Avoid insertion sort when:
- Dataset is large and randomly ordered
- You need guaranteed O(n log n) performance
- Data is stored in a structure with expensive element access (like a singly-linked list traversed from the head)
Variations and Optimizations
Binary Insertion Sort
The standard algorithm uses linear search to find the insertion point. Since the left portion is already sorted, we can use binary search to reduce comparisons from O(n) to O(log n) per element. However, we still need O(n) shifts, so overall complexity remains O(n²):
import bisect
def binary_insertion_sort(arr):
"""
Insertion sort using binary search to find insertion point.
Reduces comparisons but not overall complexity.
"""
for i in range(1, len(arr)):
key = arr[i]
# Binary search for insertion point in sorted portion
insertion_point = bisect.bisect_left(arr, key, 0, i)
# Shift elements and insert
# This is equivalent to: arr.insert(insertion_point, arr.pop(i))
# But we do it in-place for clarity
for j in range(i, insertion_point, -1):
arr[j] = arr[j - 1]
arr[insertion_point] = key
return arr
This optimization shines when comparisons are expensive (complex objects, string comparisons) but element moves are cheap.
Shell Sort Extension
Shell sort generalizes insertion sort by comparing elements separated by a gap, progressively reducing the gap until it becomes 1 (standard insertion sort). This allows elements to move to their approximate position quickly:
def shell_sort(arr):
"""
Shell sort: insertion sort with diminishing gaps.

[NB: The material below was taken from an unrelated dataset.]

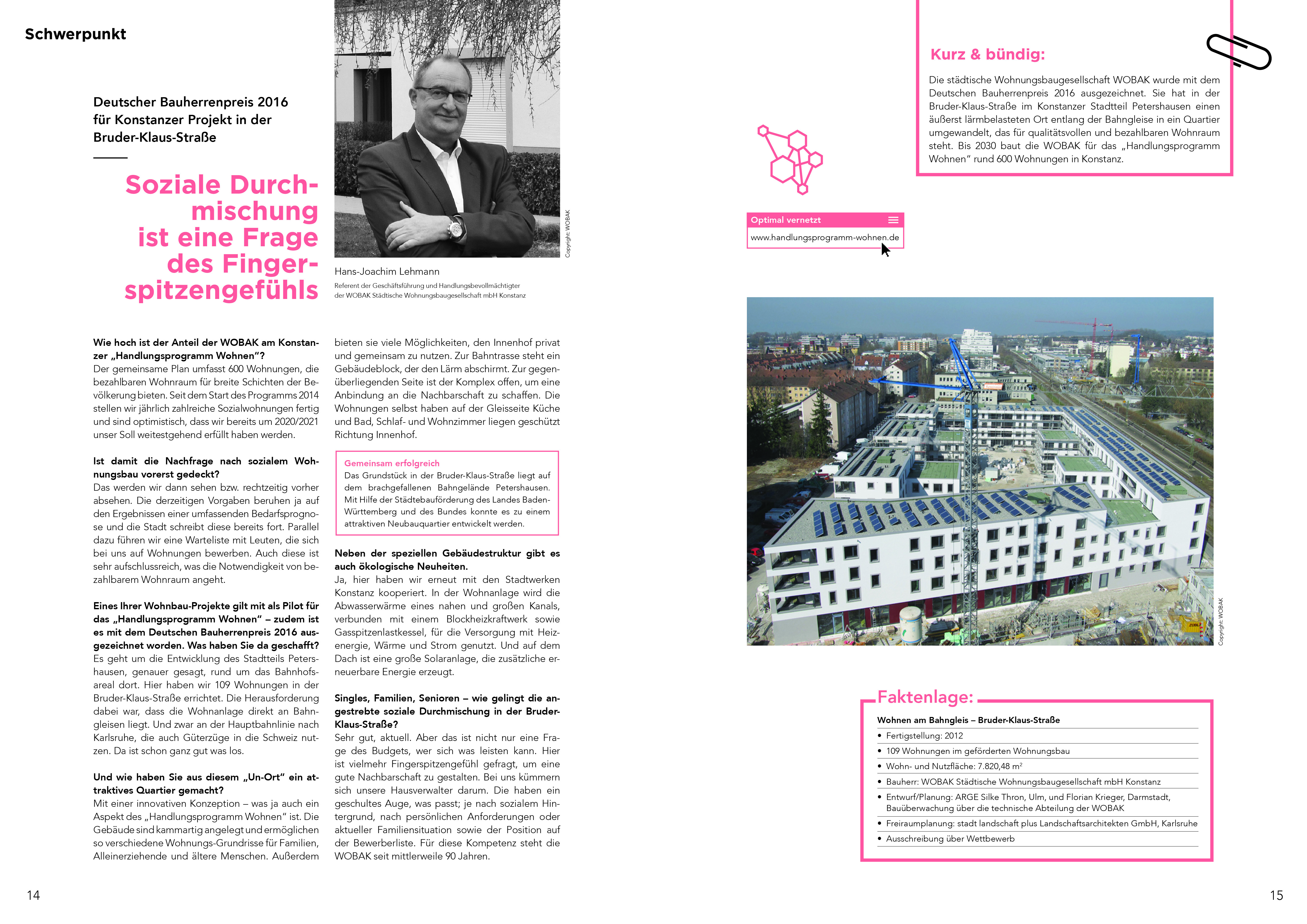 "Wir brauchen in der Wohnungsbaudebatte eine differenzierte Diskussion. Dazu leistet KONZEPT einen wichtigen Beitrag", sagt Markus Müller, Präsident der Architektenkammer Baden-Württemberg. Das dreimal pro Jahr erscheinende Heft stellt Beispiele für zukunftsorientierte Wohnformen in den Fokus. Sie sollen Kommunen und anderen Wohnbaupartnern zur Inspiration dienen. Die Erstausgabe, die pünktlich zur Sitzung der Wohnraum-Allianz am 8. Mai 2017 vorliegt, hat "Kommunale Beispiele mit Zukunft" zum Schwerpunkt.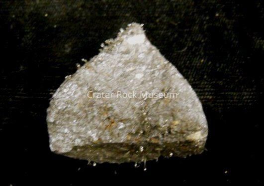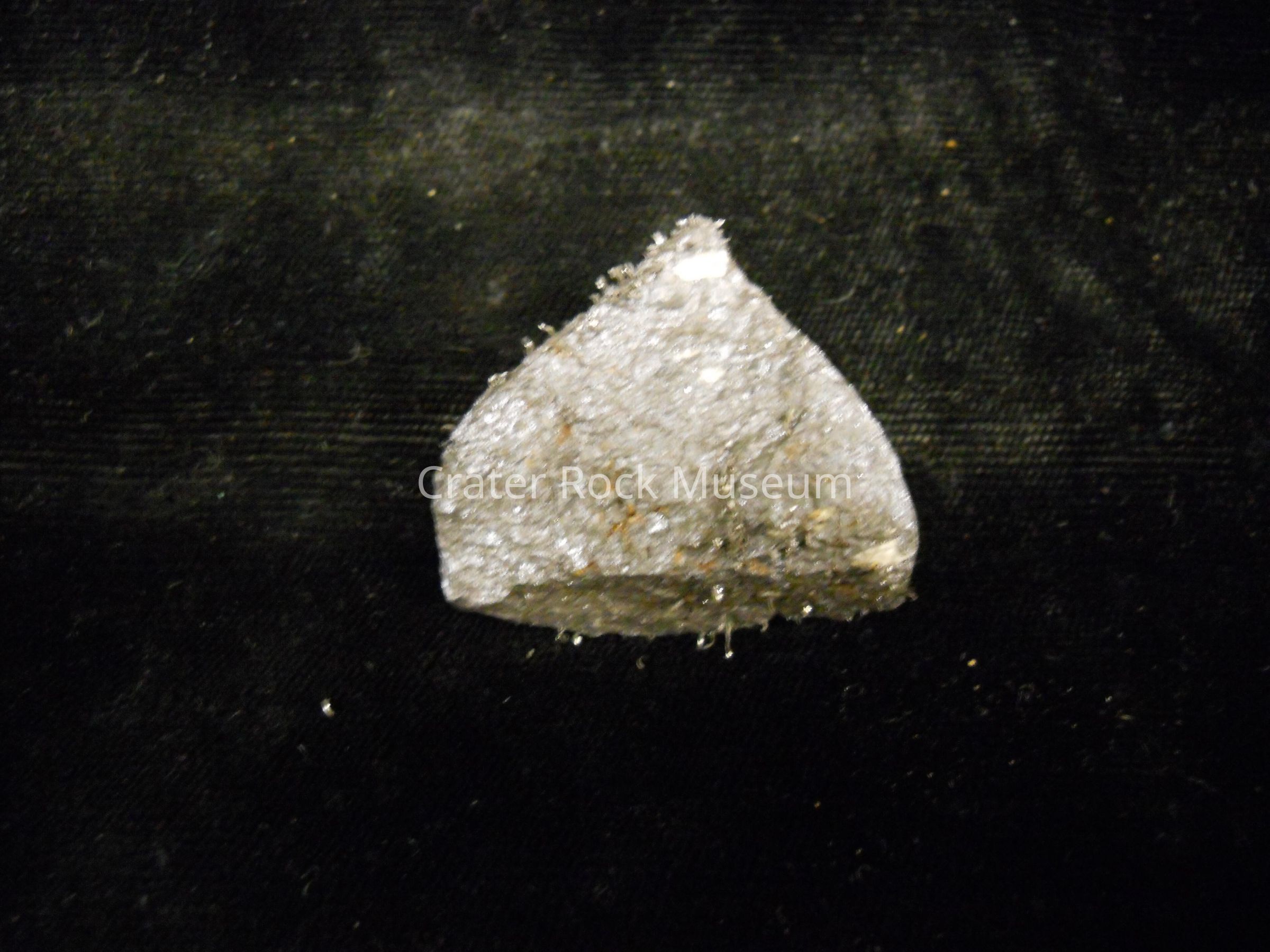 Description: Semi-triangular piece of magnetite. Silver-gray coloring. ("Beads" are iron scraps attracted to specimen.)

Achieves better than O(n²) for most gap sequences.
"""
n = len(arr)
gap = n // 2
while gap > 0:
for i in range(gap, n):
key = arr[i]
j = i
while j >= gap and arr[j - gap] > key:
arr[j] = arr[j - gap]
j -= gap
arr[j] = key
gap //= 2
return arr
Practical Implementation Examples
Sorting Objects by Property
from dataclasses import dataclass
from typing import List, Callable, Any
@dataclass
class Task:
name: str
priority: int
created_at: float
def insertion_sort_by(arr: List[Any], key: Callable) -> List[Any]:
"""
Generic insertion sort with key function for custom ordering.
"""
for i in range(1, len(arr)):
current = arr[i]
current_key = key(current)
j = i - 1
while j >= 0 and key(arr[j]) > current_key:
arr[j + 1] = arr[j]
j -= 1
arr[j + 1] = current
return arr
# Sort tasks by priority
tasks = [
Task("Deploy", 2, 1000),
Task("Hotfix", 1, 1001),
Task("Refactor", 3, 999),
]
sorted_tasks = insertion_sort_by(tasks, key=lambda t: t.priority)
Hybrid Quicksort with Insertion Sort
Production implementations switch to insertion sort for small subarrays:
def hybrid_quicksort(arr, low=0, high=None, threshold=16):
"""
Quicksort that switches to insertion sort for small subarrays.
This is how real-world sorting implementations work.
"""
if high is None:
high = len(arr) - 1
if high - low < threshold:
# Use insertion sort for small subarrays
for i in range(low + 1, high + 1):
key = arr[i]
j = i - 1
while j >= low and arr[j] > key:
arr[j + 1] = arr[j]
j -= 1
arr[j + 1] = key
return arr
# Standard quicksort partitioning
pivot = arr[high]
i = low - 1
for j in range(low, high):
if arr[j] <= pivot:
i += 1
arr[i], arr[j] = arr[j], arr[i]
arr[i + 1], arr[high] = arr[high], arr[i + 1]
pivot_pos = i + 1
hybrid_quicksort(arr, low, pivot_pos - 1, threshold)
hybrid_quicksort(arr, pivot_pos + 1, high, threshold)
return arr
The threshold of 16 is common in practice—small enough that insertion sort’s O(n²) doesn’t hurt, large enough to avoid quicksort’s recursion overhead.
Conclusion
Insertion sort occupies a specific niche in the sorting algorithm landscape. It’s not the fastest general-purpose algorithm, but it excels in scenarios that play to its strengths: small datasets, nearly-sorted data, streaming input, and memory-constrained environments.
The algorithm’s simplicity makes it easy to implement correctly, modify for custom requirements, and reason about. Its use in hybrid sorting algorithms demonstrates that even “slow” algorithms have their place in production systems.
When choosing a sorting algorithm, consider your data characteristics. If you’re maintaining a sorted list with occasional insertions, insertion sort is optimal. If you’re sorting large random datasets, look to merge sort or quicksort. Understanding when each tool fits is what separates competent engineers from those who just memorize Big-O notation.